[Start of section]

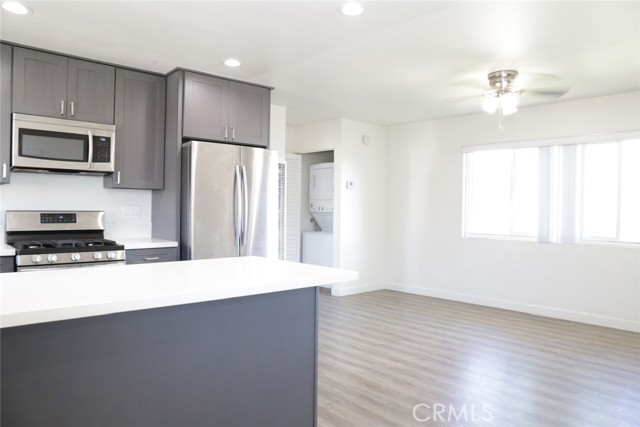 This is a spacious and bright two-bedroom, one-bathroom upper home on a quiet cul-de-sac street. It features vinyl flooring, stainless steel kitchen appliances, and an in-unit, stackable washer and dryer. The property includes two designated parking spots: one in a shared garage and a second space nearby.
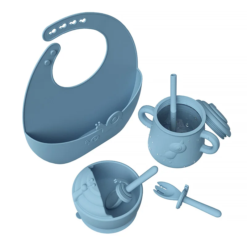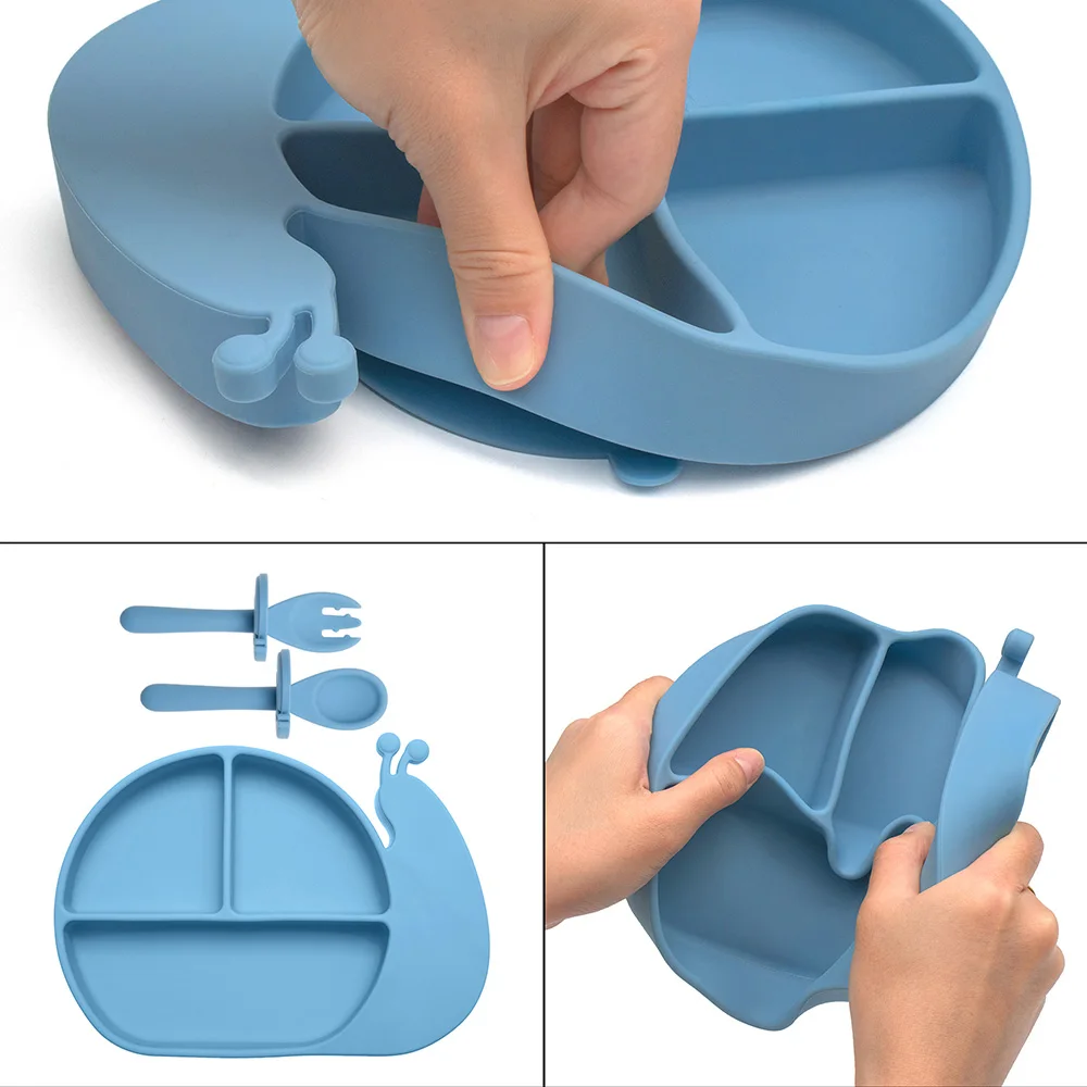 1 комплект, силиконовая Нескользящая тарелка для детей, миска и тарелка для улиток, мультяшная чашка, набор ложка и вилка силиконовая для кормления малышей, миска
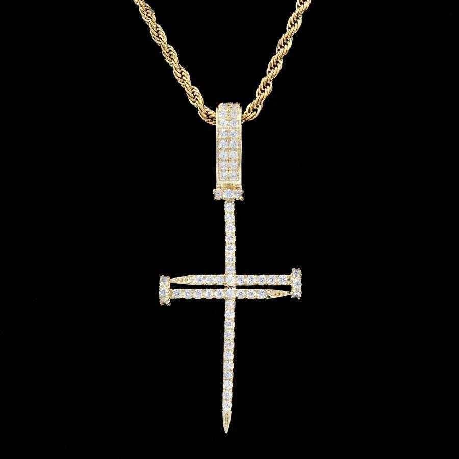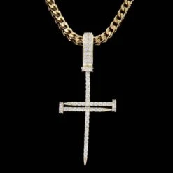 The Nail Cross, also known as “The Cross of Suffering,” is detailed with larger CZ Stones, intricately hand-placed to give the pendant a shine that will stand out from the crowd.

[End of section]

§ **WORK ITEM**
What is needed is an exact transcription of the lines from the one holding "1 комплект, силиконовая" to the end of the data, with every picture left out.

§ **ANSWER SECTION**
 1 комплект, силиконовая Нескользящая тарелка для детей, миска и тарелка для улиток, мультяшная чашка, набор ложка и вилка силиконовая для кормления малышей, миска
 The Nail Cross, also known as “The Cross of Suffering,” is detailed with larger CZ Stones, intricately hand-placed to give the pendant a shine that will stand out from the crowd.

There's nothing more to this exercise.